The one thing that would keep me in fear is the potential of getting doored. A friend of mine had that happen when he was ripping along 20+ mph in a similar situation. He spent 3 weeks in the hospital, with the first six days in intensive care.


----------



## Christine (Jul 23, 2005)

It's on my mind constantly, but of course you can't let the fear keep you off the bike. I mean, once it happens, I can't imagine being able to get back out there, but we have to ride while we can.

SO frustrating that there's such a small margin of error. One minor, wrong move can put somebody in the hospital for so long, and that's if they're lucky!!

It looks like I'm going fast in this video, but today there was a very strong headwind, and I was being passed constantly (more people out during rush hour.)


----------



## pmf (Feb 23, 2004)

I used to have to ride through Georgetown past miles of parked cars, and I was constantly trying to make out a person in the driver's seat who might door me as I was riding by. I sure don't miss that.


----------



## Randy99CL (Mar 27, 2013)

Christine said:


> SO frustrating that there's such a small margin of error. One minor, wrong move can put somebody in the hospital for so long, and that's if they're lucky!!
> 
> It looks like I'm going fast in this video, but today there was a very strong headwind, and I was being passed constantly (more people out during rush hour.)


I, too, really enjoyed the video.

I've not ridden in a big-city situation like that and I was on the edge of my seat the whole time.
I've gained additional respect for those of you who have to share the road with thousands of vehicles like that, wow.


----------



## Christine (Jul 23, 2005)

I uploaded today's commute, a little more exciting, but I have to figure out how to edit them. Strong headwind was frustrating.

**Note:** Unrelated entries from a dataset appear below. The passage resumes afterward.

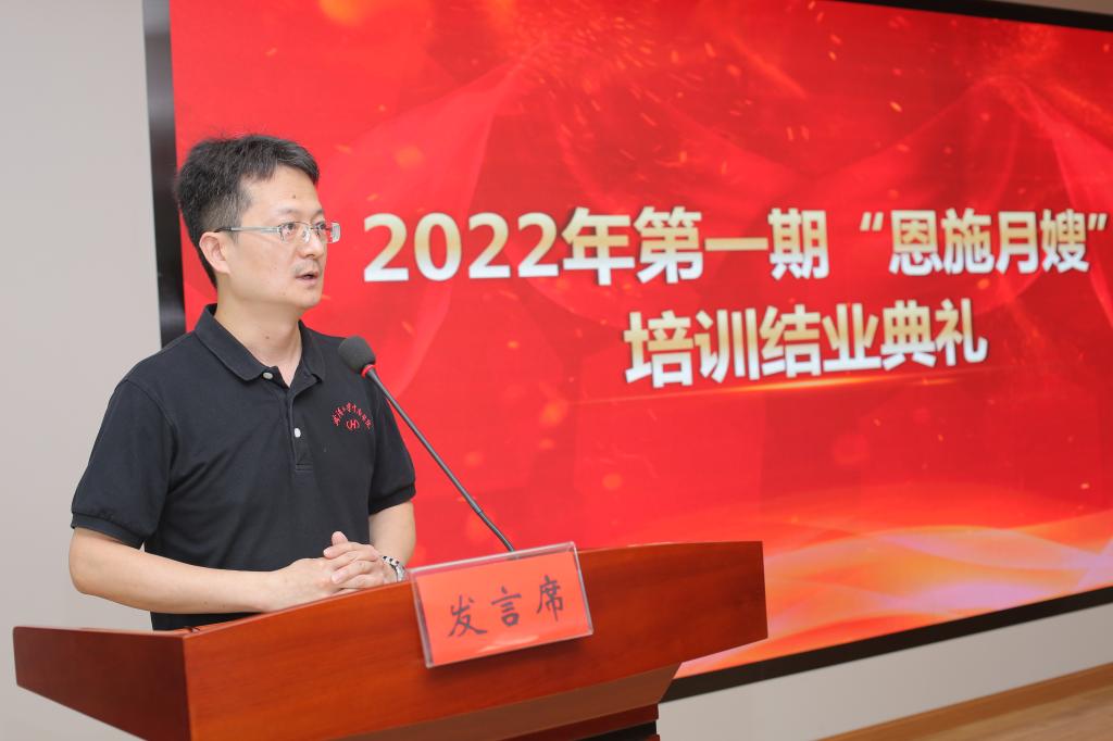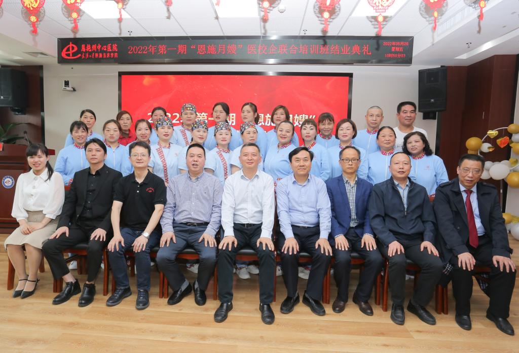 2022第一期“恩施月嫂”培训结业典礼于5月20日在恩施州中心医院妇儿医院隆重举行,恩施市人民政府副市长吴德敏,365电子娱乐官方网站继续教育学院院长雷随斌、恩施州中心医院副院长王在平、武汉大学中南医院中南安馨公司董事长兼总经理陈智敏、恩施州德慧母婴健康管理有限公司董事长易向阳、总经理周贤出席本次结业典礼,结业典礼由365电子娱乐官方网站继续教育学院副院长刘贤锋主持。
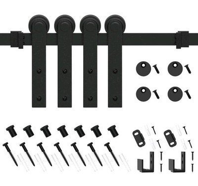 The WINSOON 6FT Super Mini Barn Door Track Kit includes a unique I shape hanger for double doors. Made of carbon steel and plastic, this black finish kit comes with 2x12.4'' rails, 4x11.8'' rails, 7x track supports, 4 rollers, and 4 door stoppers. Assembly is required, and the item weighs 6.16 pounds. The item is sold by WINSOON and is not discontinued.
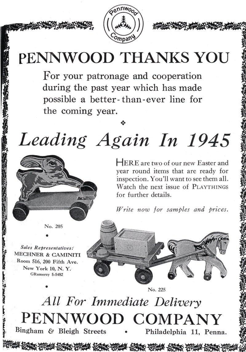 ![]() 1945 Advertisement Rabbit: $45 - $60 Horse and Wagon: $90 - $120 |
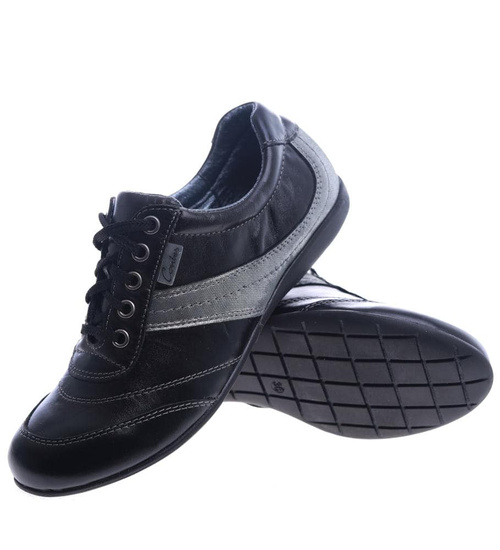 Sznurowane czarne trampki ze skóry naturalnej /D7-2 SR15/

Not sure if I should include the part where the woman was getting angry, but YouTube now has an option to blur faces! So maybe I can include it.......


----------



## mtrac (Sep 23, 2013)

Shoot. Now I really need, er, want a camera.


----------



## Christine (Jul 23, 2005)

It's an addictive toy. Today, while visiting my sister and some aunts/uncles, she featured the videos as after-dinner entertainment. 

I told her I wasn't planning on showing the old folks what the commute is like, but luckily all they saw was the Williamsburg section post-rush-hour


----------



## Srode (Aug 19, 2012)

Watching that just made me pretty nervous - you are one brave lady! Too many cars for me.


----------



## Christine (Jul 23, 2005)

Here's some Friday-morning footage. Closer to rush hour: 






Highlights: 7:37 mark- jumped the light sooner than usual, rogue car speeds out of nowhere. Not a problem, the lane behind me was clear.....hoped it would stay that way!

9:50- sneaking past a truck that started to turn into my lane at the last second (you can see the wheels turning, it helps to watch the front wheels of vehicles.... somewhat!)

10:30- view of intersection blocked as light turned green, I started to go, then a near hit by a bus as it goes through the red.  Closer than it looks! 

12:30- confrontation on pedestrian bridge (maybe I should try to blur the faces*, not that there's a whole lot of viewership!)

And this is all within five minutes of one ride! 

*Edit: Tried the "blur" feature on YouTube, didn't work. Meh.


----------



## ibericb (Oct 28, 2014)

I believe you could probably thread a needle on that bike. Impressive!

Don't worry about the faces - it was in open public view.


----------



## Christine (Jul 23, 2005)

The bike is very nimble and stealth, except when I apply the brakes that _*SQUEEEEEEEEAK!!!*_ Somewhat annoying, but you'll see where it does get people to jump out of the way, or at least notice the bike.


----------



## Christine (Jul 23, 2005)

Finally got the whole commute into one video. Took all weekend: https://www.youtube.com/watch?v=4mvQqu-vQKI&edit=vd

Of course, it still has to process, damn this takes forever.


----------



## SauronHimself (Nov 21, 2012)

Christine said:


> Finally got the whole commute into one video. Took all weekend: https://www.youtube.com/watch?v=4mvQqu-vQKI&edit=vd
> 
> Of course, it still has to process, damn this takes forever.



If you ever want to show only clips of your rides, I suggest using Avidemux which has a great snipping tool. If you try to use something like Windows Movie Maker, you'll have to buffer the whole file before you can edit, and that wastes time.


----------



## Christine (Jul 23, 2005)

Ah, thank you! Will try that when I'm home. I have to keep the computer on 24/7 just to upload, with what little knowledge I have at the moment.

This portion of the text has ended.